**Work task:**
The lines to copy run from the one containing "A sleeveless classic" to the last line of the entries; output those lines exactly and only them, without pictures.
BEGIN Material shown
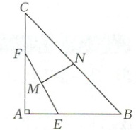 8.B[解析]对于A,因为$\overrightarrow{AE}=\lambda\overrightarrow{AB}$,$\overrightarrow{AF}=\mu\overrightarrow{AC}$,且$|\overrightarrow{BE}| = |\overrightarrow{AF}|$,所以$(1 - \lambda)|\overrightarrow{AB}| = \mu|\overrightarrow{AC}|$,所以$(1 - \lambda)^2 = \mu^2$,其中$\lambda,\mu\in(0,1)$,所以$1 - \lambda = \mu$,即$\lambda + \mu = 1$,所以A正确。对于B,当$\lambda = \mu$时,$\overrightarrow{EF}=\overrightarrow{AF}-\overrightarrow{AE}=\mu\overrightarrow{AC}-\lambda\overrightarrow{AB}=\mu(\overrightarrow{AC}-\overrightarrow{AB})=\mu\overrightarrow{BC}$,可得$\overrightarrow{EF}$与$\overrightarrow{BC}$为共线向量,所以B不正确。对于C,在等腰直角$\triangle ABC$中,$AB = AC = 2$,$\angle BAC = 90^{\circ}$,且$\overrightarrow{AE}=\lambda\overrightarrow{AB}$,$\overrightarrow{AF}=\mu\overrightarrow{AC}$,所以$S_{\triangle AEF}=\frac{1}{2}|\overrightarrow{AE}|·|\overrightarrow{AF}|=\frac{1}{2}|\lambda\overrightarrow{AB}|·|\mu\overrightarrow{AC}|=2\lambda\mu$,由$\lambda + \mu = 1$,可得$\lambda\mu\leq(\frac{\lambda + \mu}{2})^2=\frac{1}{4}$,所以$S_{\triangle AEF}=2\lambda\mu\leq\frac{1}{2}$,当且仅当$\lambda = \mu=\frac{1}{2}$时,等号成立,所以C正确。对于D,如图所示,以A为坐标原点,AB,AC分别为x轴、y轴建立平面直角坐标系,则$A(0,0)$,$B(2,0)$,$C(0,2)$,则$\overrightarrow{AE}=\lambda\overrightarrow{AB}=(2\lambda,0)$,$\overrightarrow{AF}=\mu\overrightarrow{AC}=(0,2\mu)$。因为M,N分别为EF,BC的中点,所以$M(\lambda,\mu)$,$N(1,1)$。又因为$\lambda^2+\mu^2=1$,$\lambda,\mu\in(0,1)$,可得点M在单位圆的劣弧PQ上,$|AM| = 1$,所以$|MN|\geq|AN|-|AM|=\sqrt{2}-1$,当且仅当A,M,N三点共线时,等号成立,所以$|MN|$的最小值为$\sqrt{2}-1$,所以D正确。
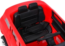 Dálkové ovládání 2,4 GHz s bezpečnostním tlačítkem STOP umožňuje rodičům převzít kontrolu kdykoli je potřeba. O autentický zážitek se starají otevírací dveře, přední a zadní LED světla a zadní tlumiče. Audio panel potěší dětí i rodiče – přehrávání MP3, vstupy USB/SD/AUX a integrované melodie zajistí spoustu zábavy.
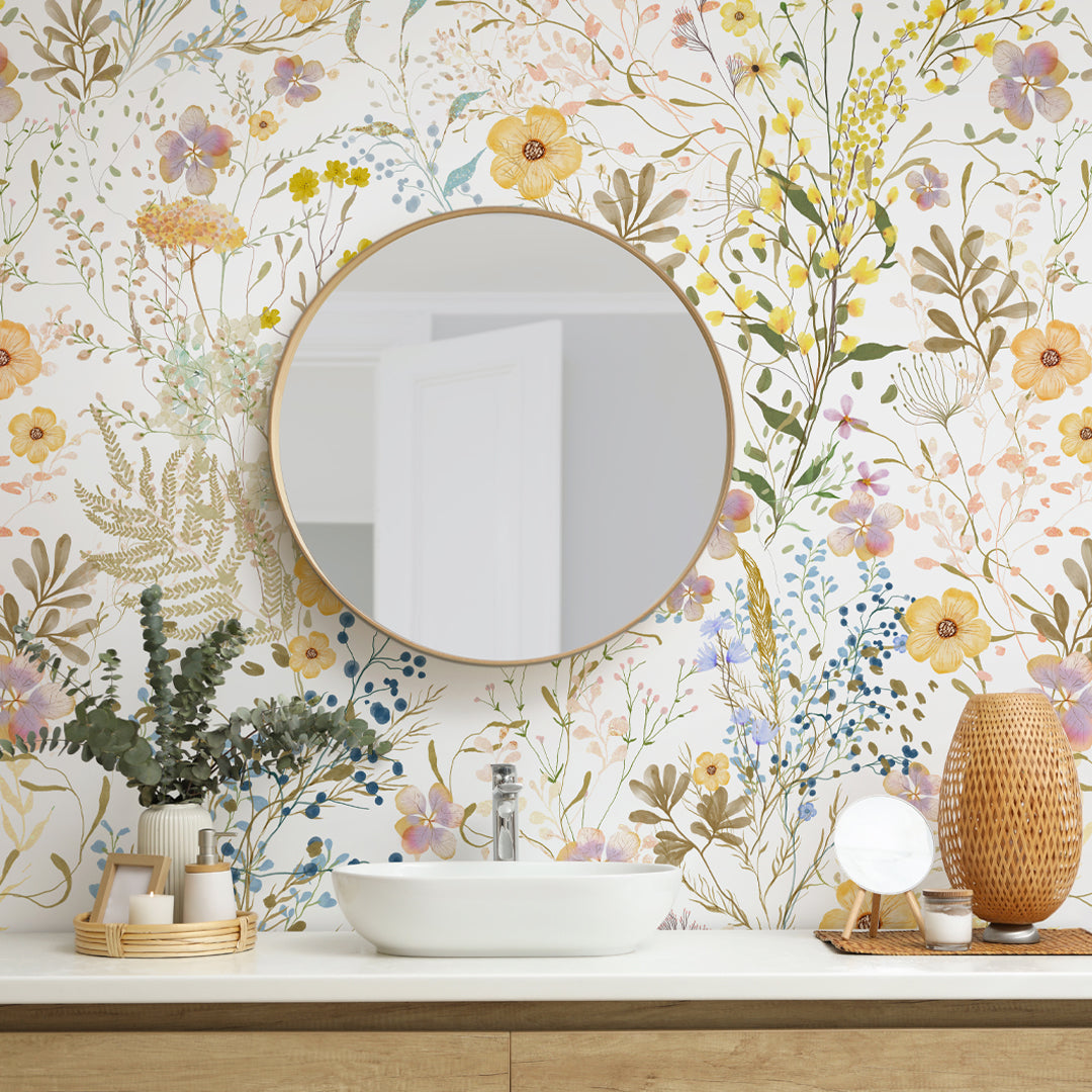 Bathrooms: Infuse your bathroom with vibrant energy using the Yellow Wild Floral Boho Self Adhesive Wallpaper. The cheerful yellow blooms and bohemian-inspired design create a lively and refreshing atmosphere.
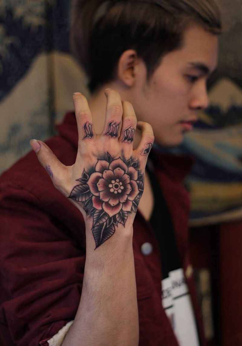 • 手背潮流时尚的玫瑰花眼睛纹身图案
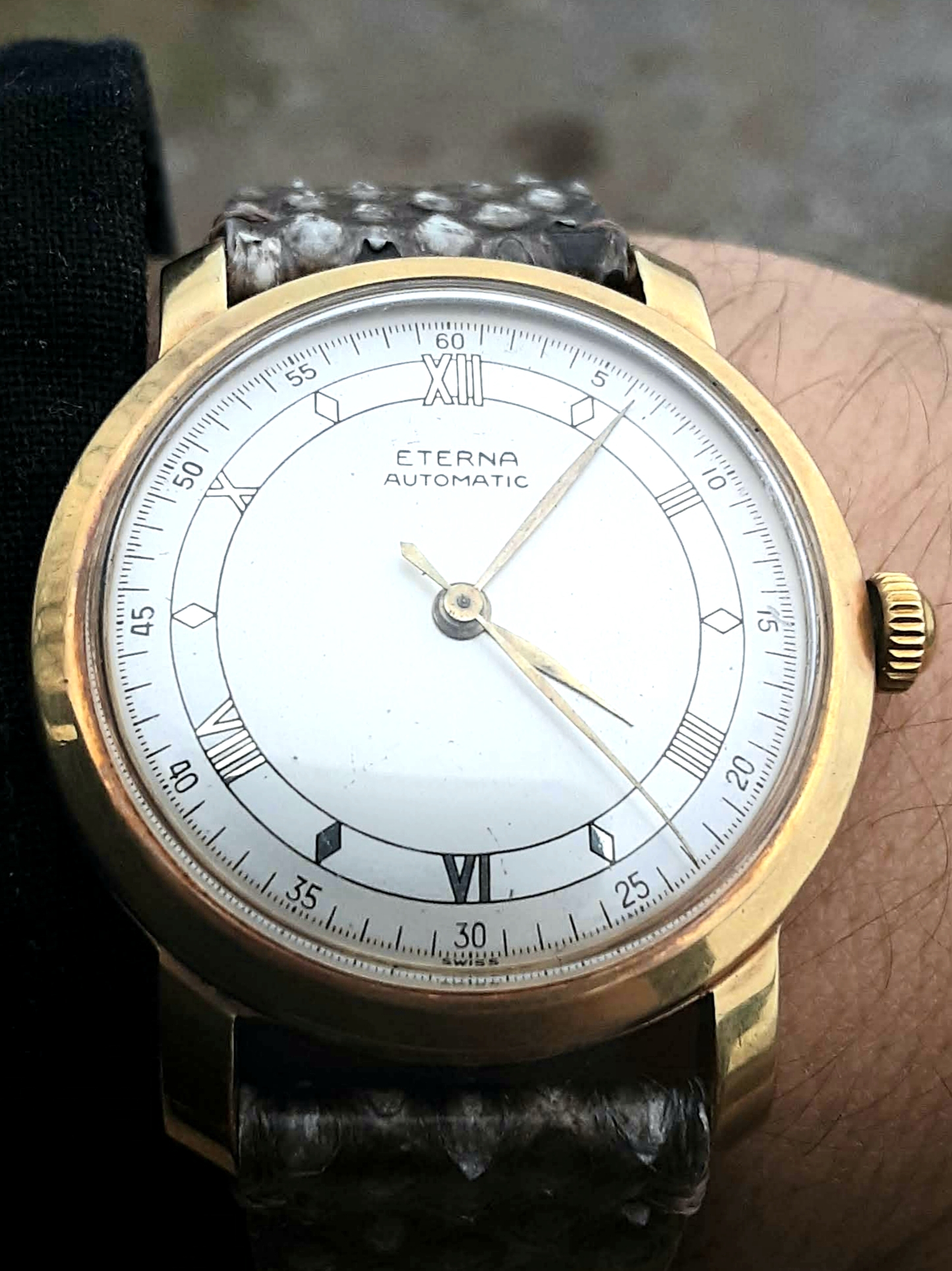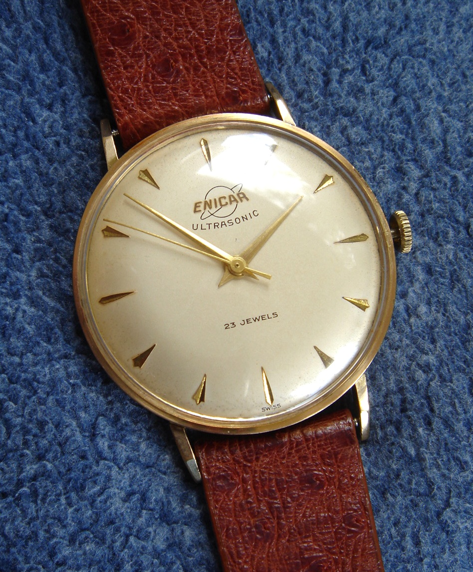 Nothing fancy but I do love the understated and well-balanced dial of this Enicar.. The simple incused gold indexes, the slim case and narrow bezel make the watch look much bigger than it's 35mm. Looks elegant to me.
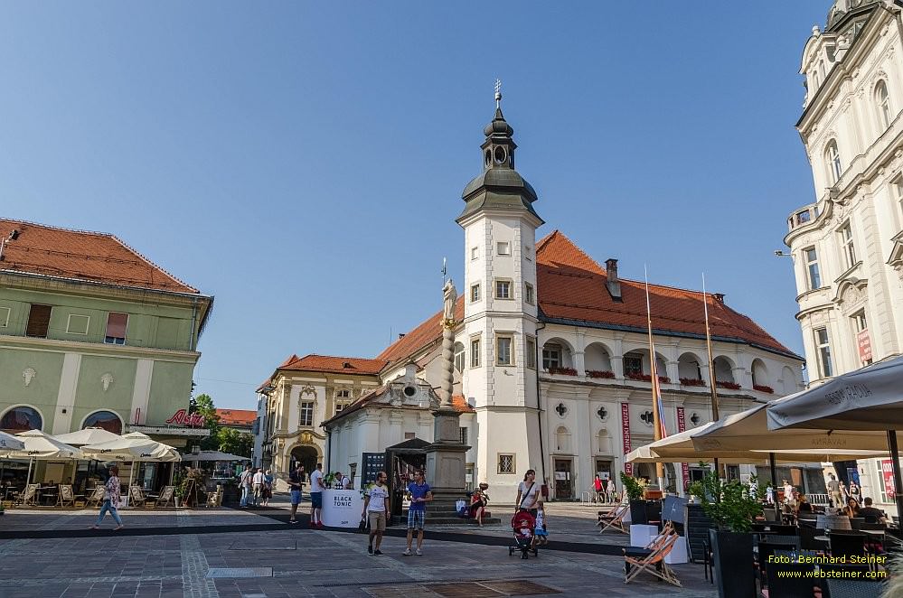 Der Rathausplatz mit Rathaus gilt als das Zentrum von Maribor. Auf dem Hauptplatz (Glavni trg) finden, wie auf vielen großen Plätzen von Maribor, an gewissen Wochentagen spezielle Märkte statt. Das spätgotische Rathaus mit dem Zwiebelturm stammt aus dem 16. Jahrhundert.
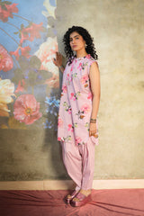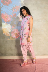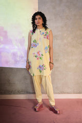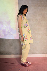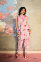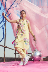 A sleeveless classic fit kurta is crafted with a watercolor floral print and features a band neckline. The placket is enhanced with stitching detail, while the shoulder edge is adorned with a delicate trim, adding a touch of refinement. Paired with solid-hued, classic pegged shalwar, this ensemble exudes effortless style.
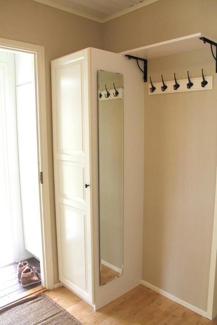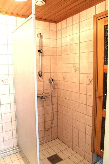 - WC-istuin, suihku, suihkuseinä, pesukoneliitäntä, lattialämmitys, ja peilikaappi
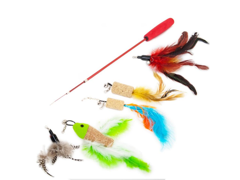Nová udice pro kočky 5 v 1 je kombinací teleskopické udice s pěti různými návnadami pro hraní.
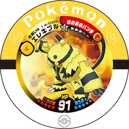 Electivire (Japanese: エレキブル Elekible) is a Pokémon Battrio puck. It is part of the Mewtwo Awakening expansion.
END Material shown
**The answer:**
 A sleeveless classic fit kurta is crafted with a watercolor floral print and features a band neckline. The placket is enhanced with stitching detail, while the shoulder edge is adorned with a delicate trim, adding a touch of refinement. Paired with solid-hued, classic pegged shalwar, this ensemble exudes effortless style.
 - WC-istuin, suihku, suihkuseinä, pesukoneliitäntä, lattialämmitys, ja peilikaappi
Nová udice pro kočky 5 v 1 je kombinací teleskopické udice s pěti různými návnadami pro hraní.
 Electivire (Japanese: エレキブル Elekible) is a Pokémon Battrio puck. It is part of the Mewtwo Awakening expansion.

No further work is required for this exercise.